- The Washington Times - Tuesday, February 24, 2009

AMERICAN GRIT: WHAT IT WILL TAKE TO SURVIVE IN THE 21ST CENTURY
By Tony Blankley
Regnery, $27.95, 215 pages
REVIEWED BY JOHN R. COYNE JR.

The focus just now is almost entirely on our economic malaise — a huge, great spreading blob of interlocking problems that no superhero seems able to stop. So far the approach is “ready, fire, aim,” and our best economic thinkers are as clueless as the rest of us. In time, of course, we’ll either make a coherent start on solving these problems or they’ll solve themselves. In the meantime, as we run in circles, scream and shout, the economic crisis is dwarfing other concerns, perhaps chief among them national security.

The intelligence community, in tune with the new administration, now tells us that the economic threat to our national security is greater than terrorism or the spread of weapons of mass destruction. Perhaps. But whatever the new intelligence line, our pre-economic-crisis situation in the world is not improving. The war in Afghanistan, creeping ever closer to Pakistan’s nuclear arsenal, morphs into President Obama’s war, with no end in sight; Russia re-establishes hegemony throughout much of its old empire; our influence in Asia wanes; and we continue to lose our grip in Latin America and in the Middle East.

It’s Tony Blankley’s contention that in these and other areas, the new administration’s approach is badly flawed: “Whether dealing with the economy, national security, or national unity, Obama’s agenda takes human emotions — sensitivity, empathy, and self-satisfaction — and elevates them into national policy.”

Overseas, Mr. Blankley writes, our new president and his liberal constituents “assume that the magnetic force of his personality will suffice to solve our biggest foreign policy challenges and to bring international miscreants to heel.” Mr. Blankley points to Iran, “one of the chief international sponsors of Islamic terrorism” which is being run by “an Islamist of dubious sanity who denies the Holocaust, threatens to obliterate Israel, and is racing to develop nuclear weapons.” This is the sort of leader Mr. Obama seems to believe we can talk to, with a “child-like faith in the power of dialogue.”

Mr. Blankley writes with conviction in strong, confident prose. His purpose is to propose a patriotic program, clearly stated, of the sort that would have served Republicans well in last year’s elections. “Patriotism is a love for one’s country; nationalism is a call to action, a commitment to make the difficult decisions on behalf of what will make America strong … even at the expense of what might make us momentarily more comfortable. A nationalist recognizes that each citizen owes the country something. … A nationalist program, such as I propose, seeks to restore America’s prosperity, military strength, and sense of patriotism.”

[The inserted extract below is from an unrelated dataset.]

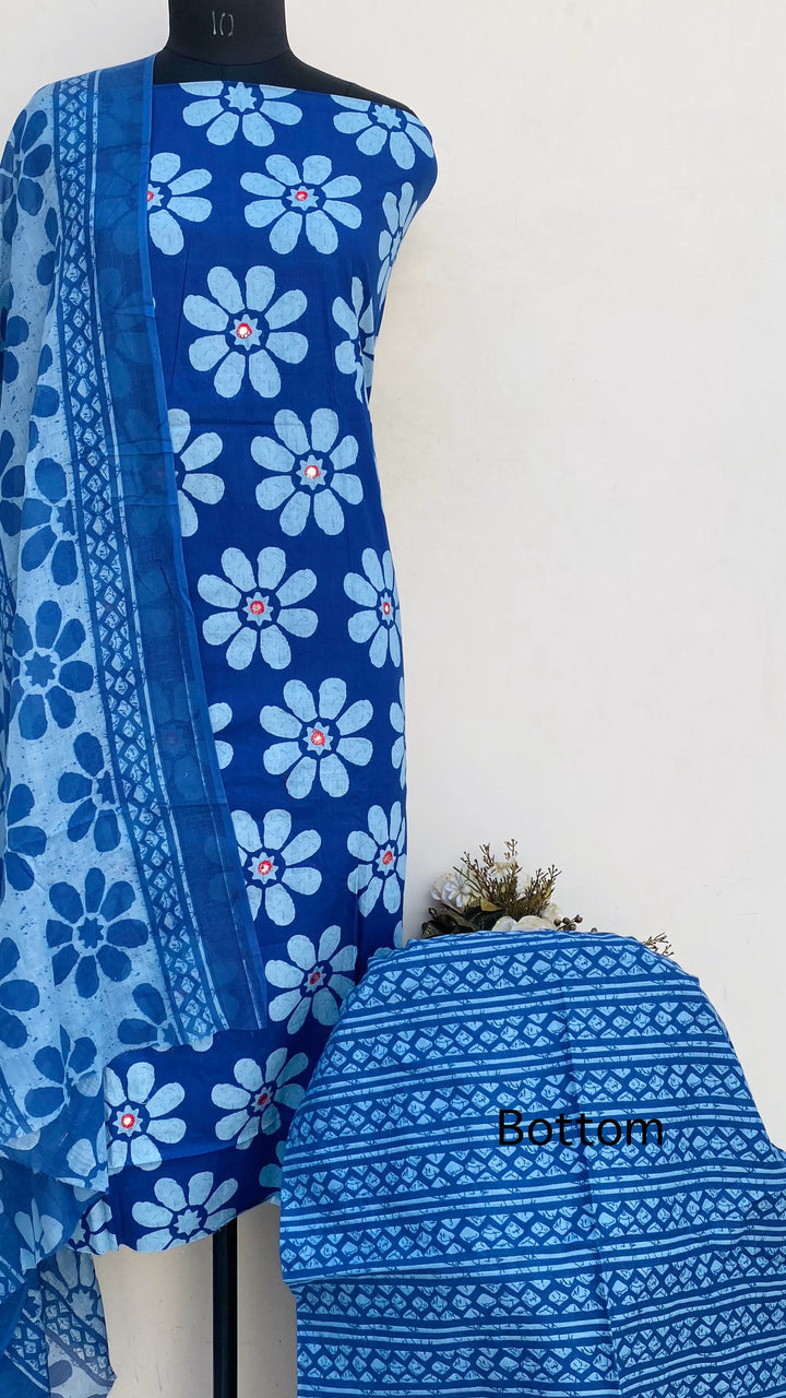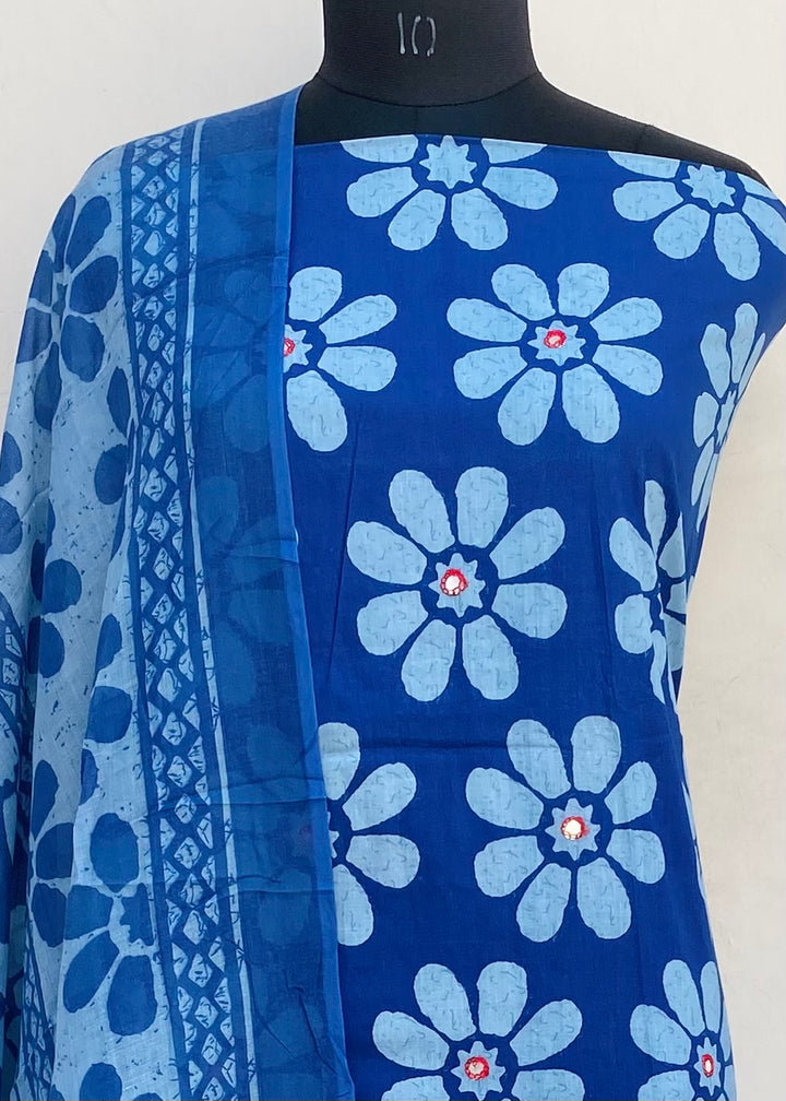 Designer Embroidered Suit Length 3 Piece Blue Mal Cotton With Printed Mal Cotton Dupatta & Printed Same Colour Cotton Bottom

Central to Mr. Blankley’s program is the restoration of a national sense of duty, one key element of which is to bring back the draft. “National service,” he writes, “is a call to renew the self-sacrifice, patriotism, and stoicism that once animated our country….”

Moreover, we need it. “The bottom line is that despite all our technological advantages, troop strength matters … the lack of available ground troops has led some officials and analysts to conclude that if the United States found another unavoidable military conflict, we would have to rely on air power and even, if it was serious enough nuclear weapons.”

Difficult, to say the least. The draft was abolished for political reasons that didn’t work, but the political opposition has become entrenched. Mr. Blankley thinks former President George W. Bush could have successfully restored it immediately after September 11, 2001. However, had he done so and then taken us to Iraq, the political outcry would have been deafening.

Nevertheless, those of us who have served share a common experience that we found invaluable, and we like to think it made us better and more purposeful Americans. Nor do we believe it right to deprive succeeding generations — or our country — of that experience.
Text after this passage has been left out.